→ Task item
Each line below from the "GUATEMALA, GUATEMALA, 14DICIEMBRE2009.- Ingrid" line through the "Avviso deposito atti nella casa comunale" line, those two included, must be restated word for word; the pictures must not be.

→ The records

• • •

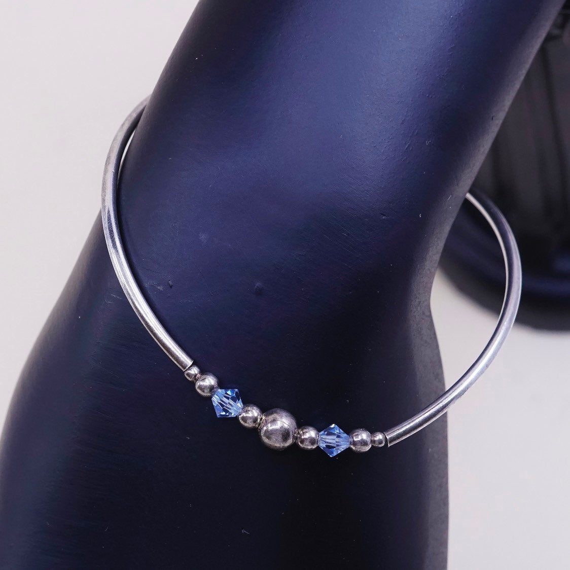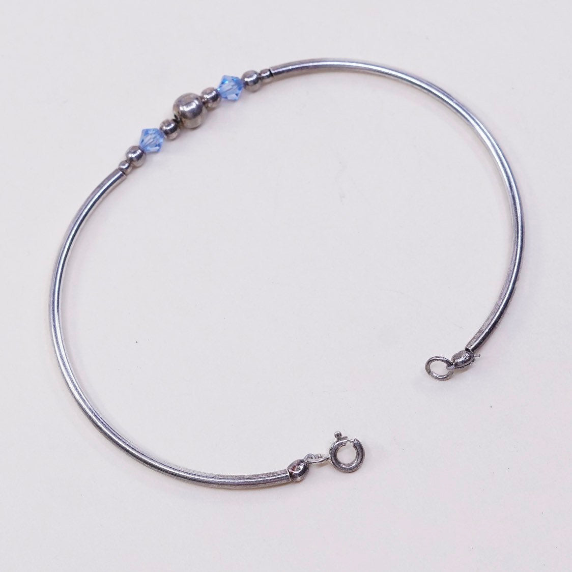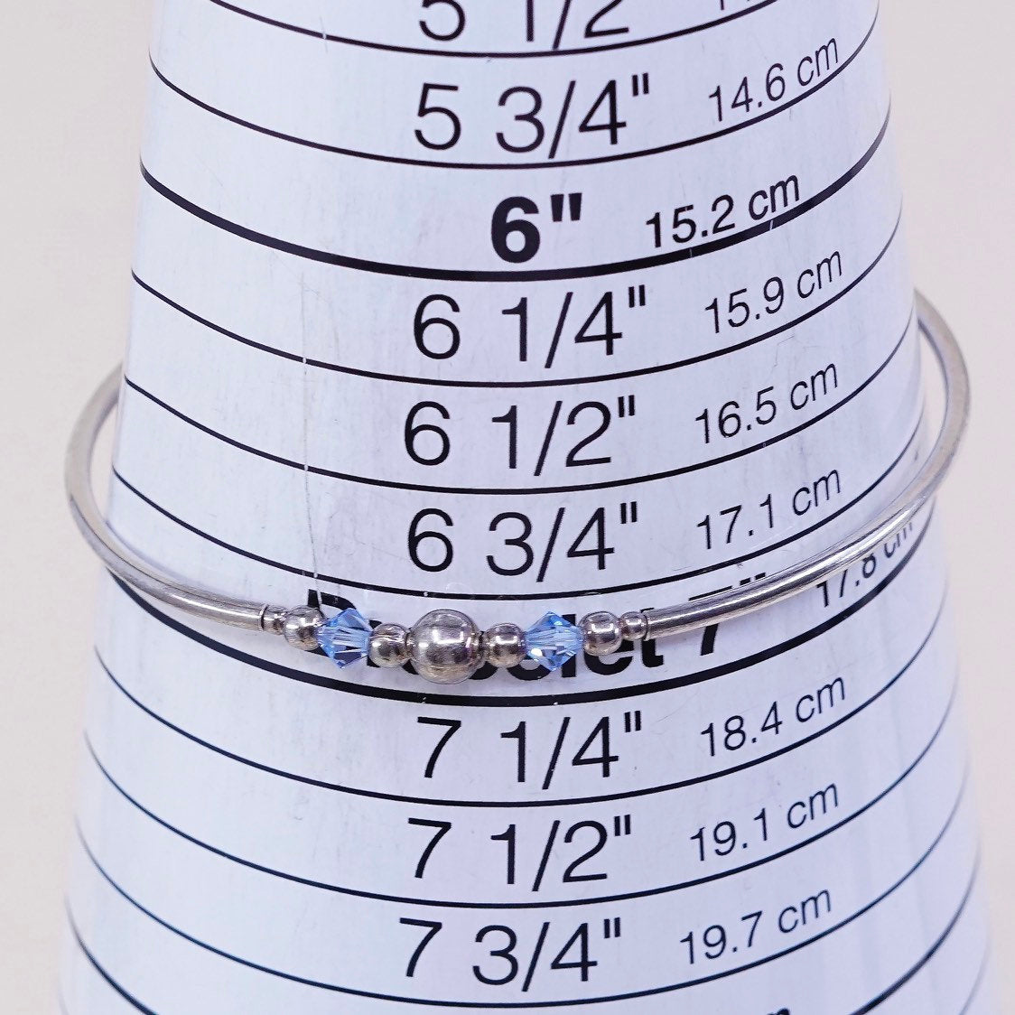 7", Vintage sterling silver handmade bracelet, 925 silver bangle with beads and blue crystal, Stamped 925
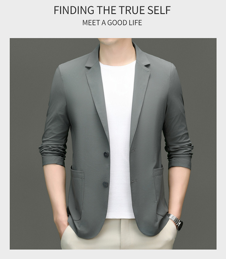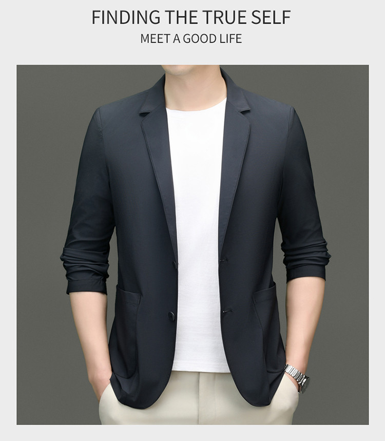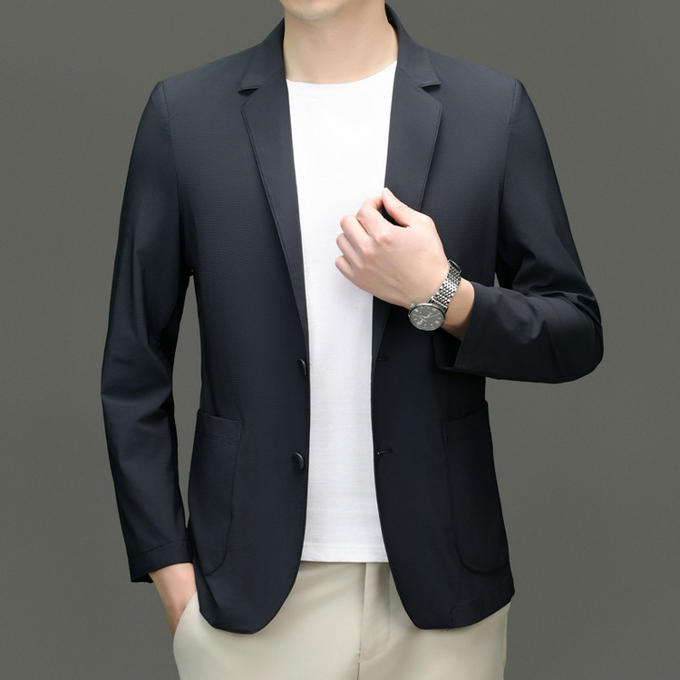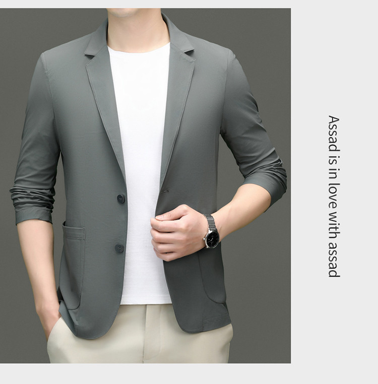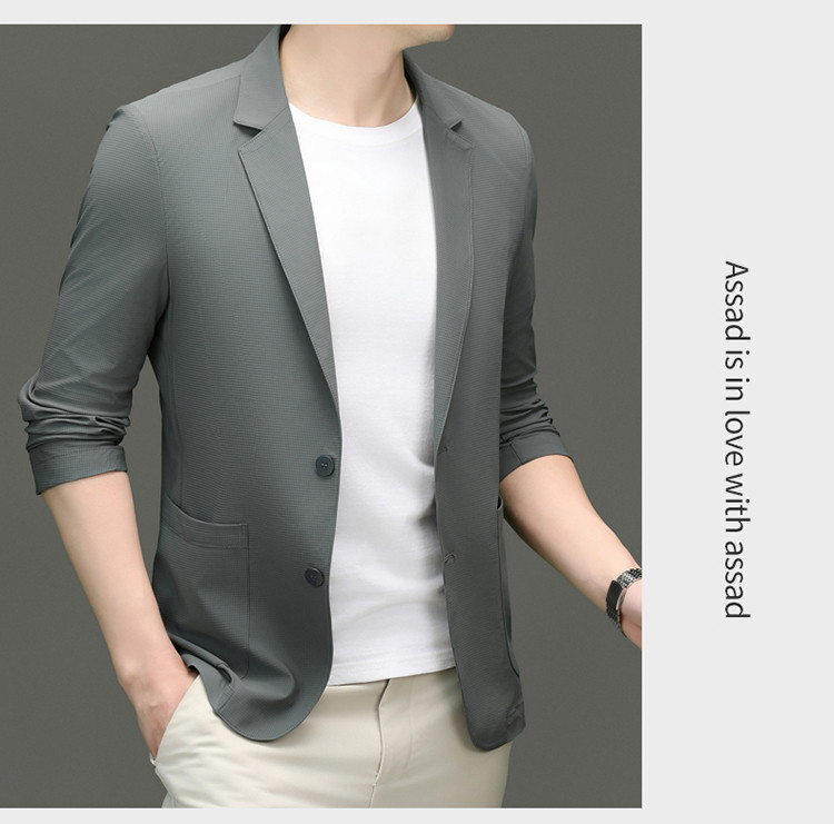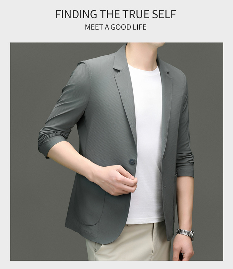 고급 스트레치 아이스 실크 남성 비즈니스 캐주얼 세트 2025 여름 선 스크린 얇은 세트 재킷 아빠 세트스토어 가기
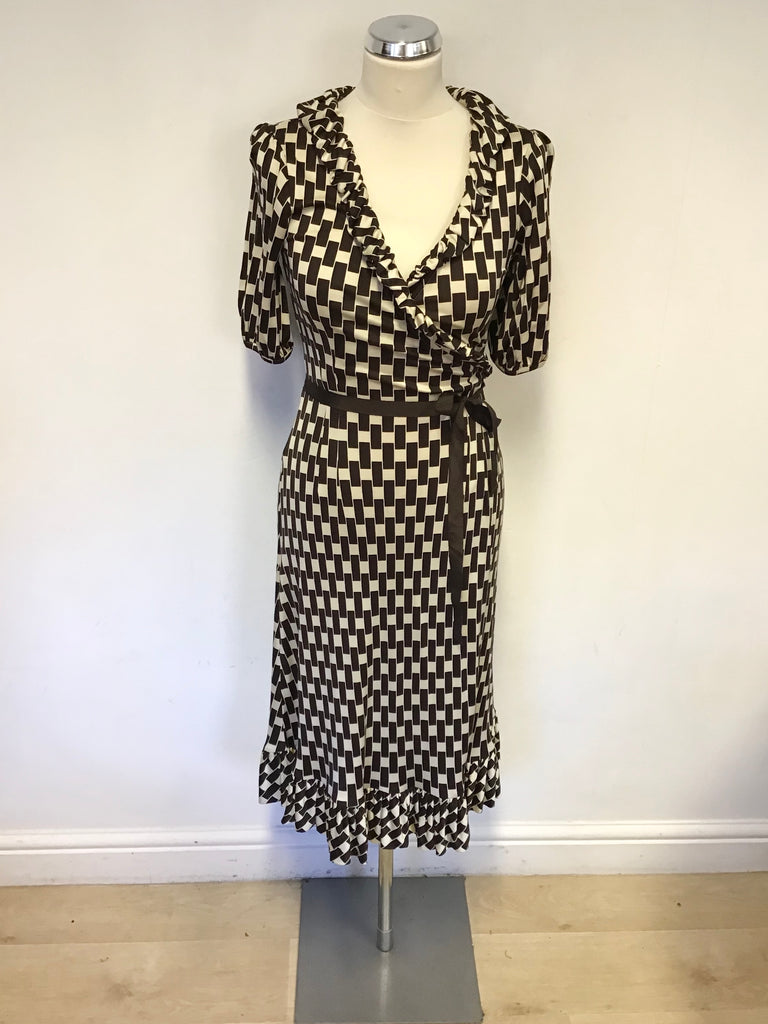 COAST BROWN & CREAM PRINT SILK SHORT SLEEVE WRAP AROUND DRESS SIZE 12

• • •

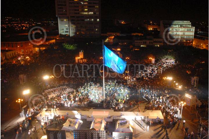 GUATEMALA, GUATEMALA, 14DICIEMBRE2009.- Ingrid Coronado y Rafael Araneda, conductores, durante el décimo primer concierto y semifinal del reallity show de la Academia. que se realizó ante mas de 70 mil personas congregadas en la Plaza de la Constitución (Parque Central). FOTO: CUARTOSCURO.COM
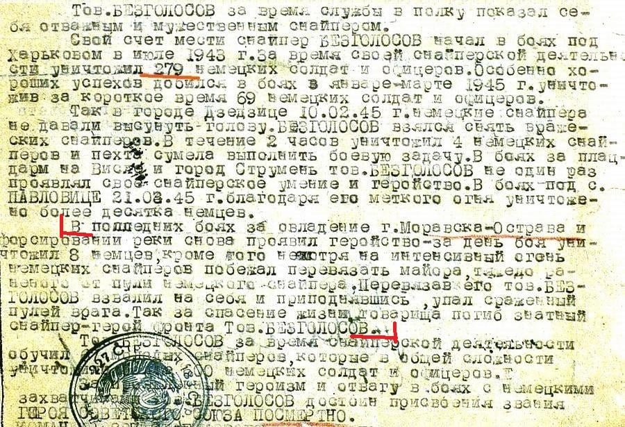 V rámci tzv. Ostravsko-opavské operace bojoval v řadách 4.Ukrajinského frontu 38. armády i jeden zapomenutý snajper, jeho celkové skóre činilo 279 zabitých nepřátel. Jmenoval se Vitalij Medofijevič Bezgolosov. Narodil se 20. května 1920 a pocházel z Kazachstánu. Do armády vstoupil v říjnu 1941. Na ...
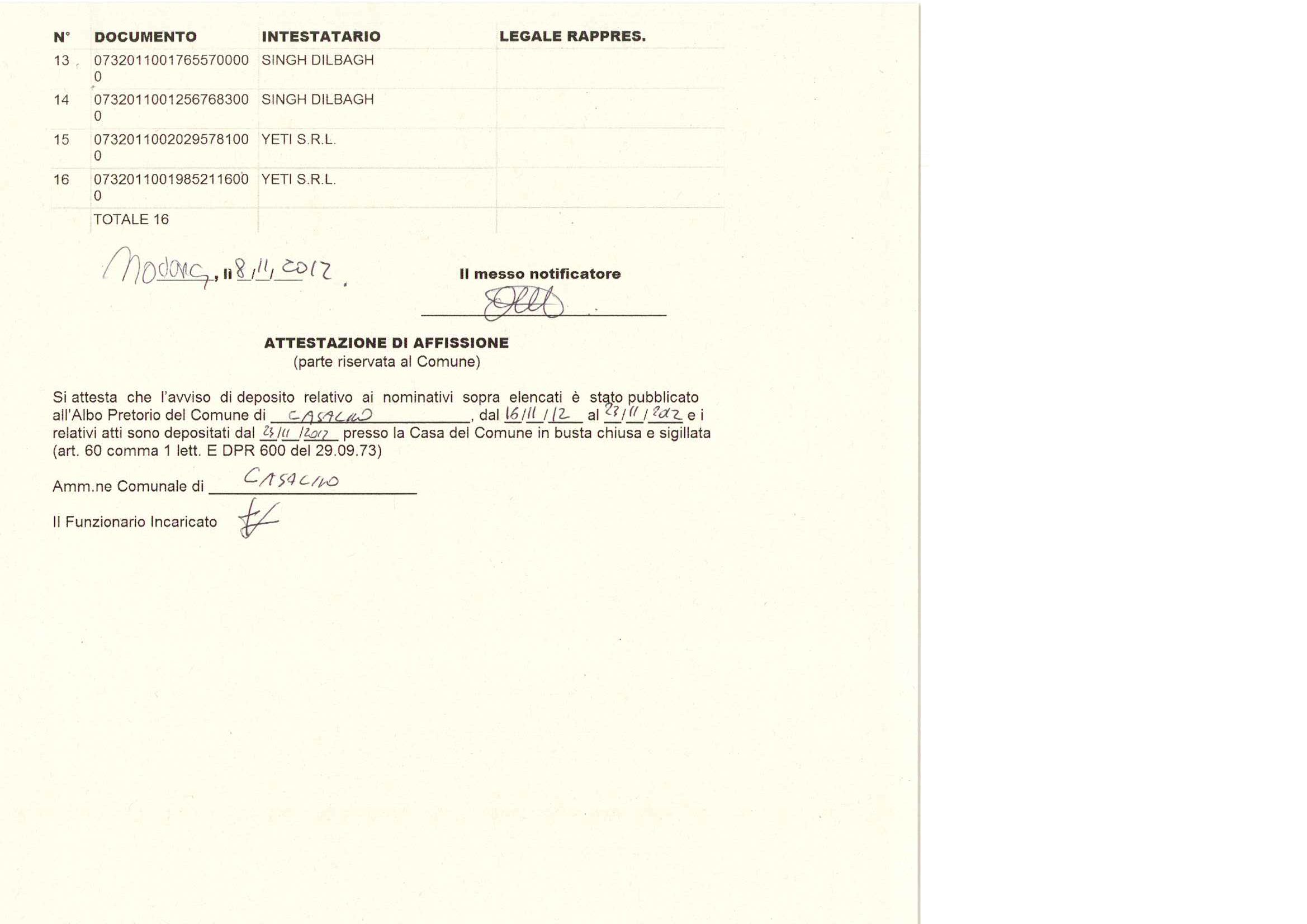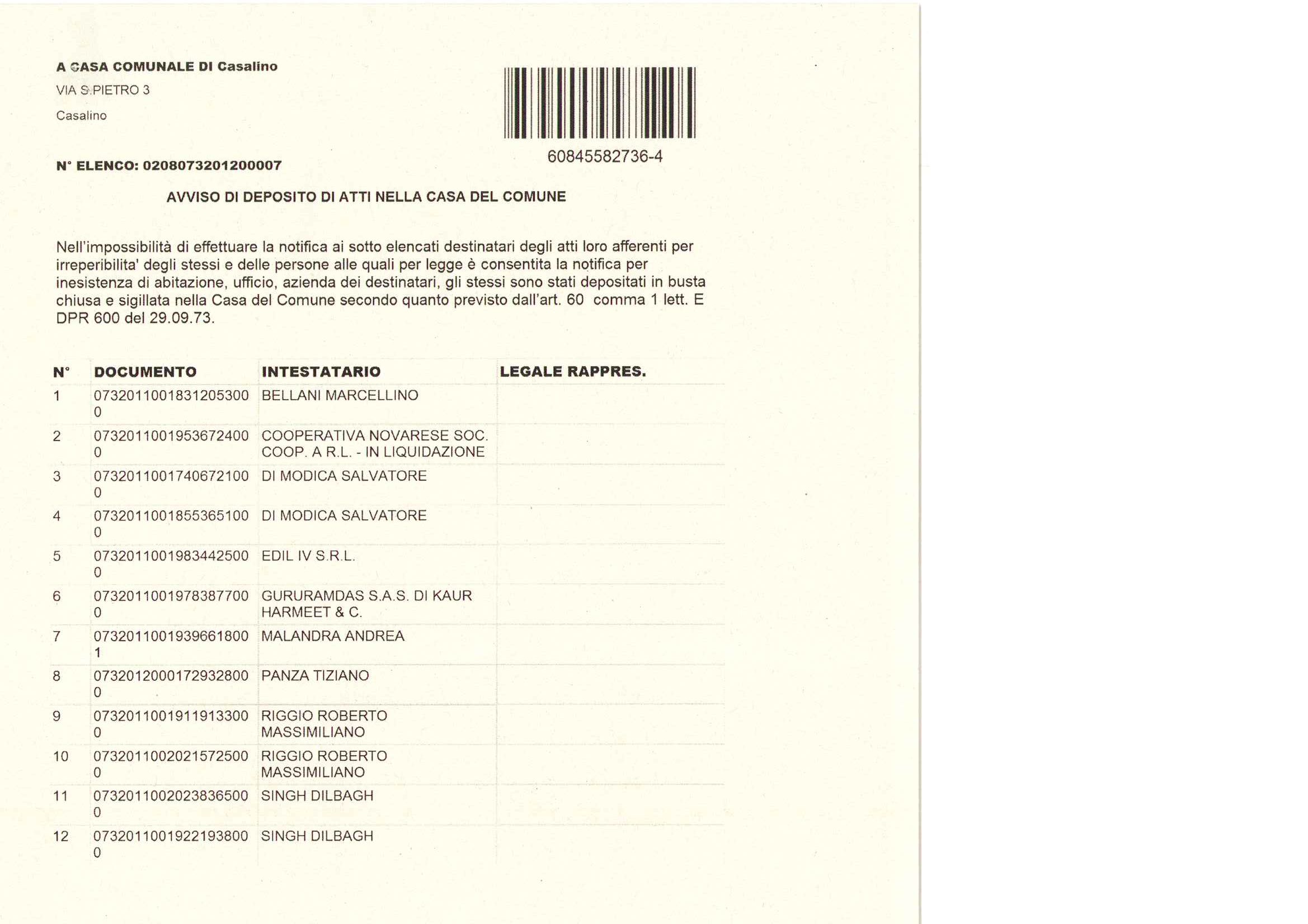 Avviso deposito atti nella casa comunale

• • •

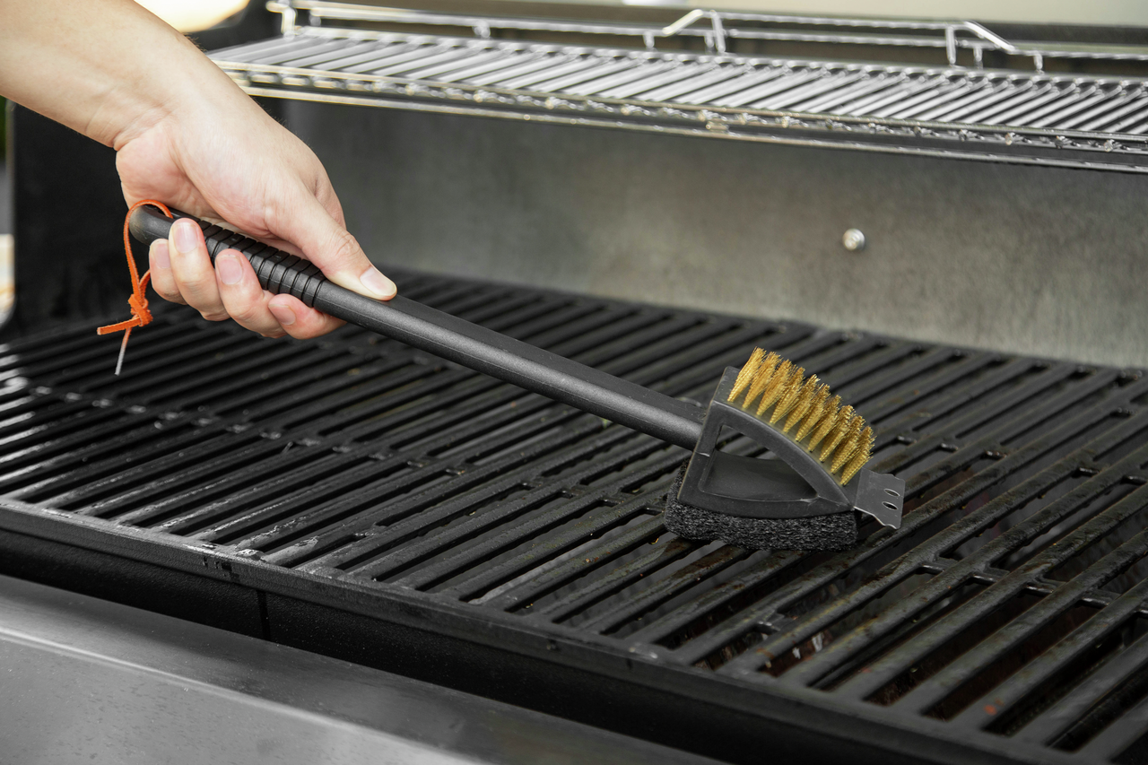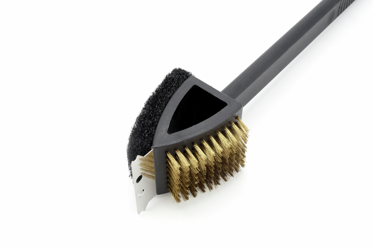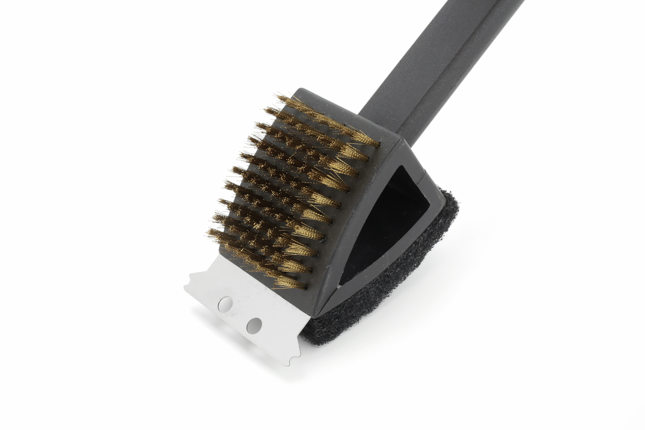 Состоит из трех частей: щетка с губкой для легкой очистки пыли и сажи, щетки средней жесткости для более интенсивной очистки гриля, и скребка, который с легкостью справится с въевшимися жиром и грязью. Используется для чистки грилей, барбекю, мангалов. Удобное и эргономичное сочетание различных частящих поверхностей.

• • •

→ Exercise result
 GUATEMALA, GUATEMALA, 14DICIEMBRE2009.- Ingrid Coronado y Rafael Araneda, conductores, durante el décimo primer concierto y semifinal del reallity show de la Academia. que se realizó ante mas de 70 mil personas congregadas en la Plaza de la Constitución (Parque Central). FOTO: CUARTOSCURO.COM
 V rámci tzv. Ostravsko-opavské operace bojoval v řadách 4.Ukrajinského frontu 38. armády i jeden zapomenutý snajper, jeho celkové skóre činilo 279 zabitých nepřátel. Jmenoval se Vitalij Medofijevič Bezgolosov. Narodil se 20. května 1920 a pocházel z Kazachstánu. Do armády vstoupil v říjnu 1941. Na ...
 Avviso deposito atti nella casa comunale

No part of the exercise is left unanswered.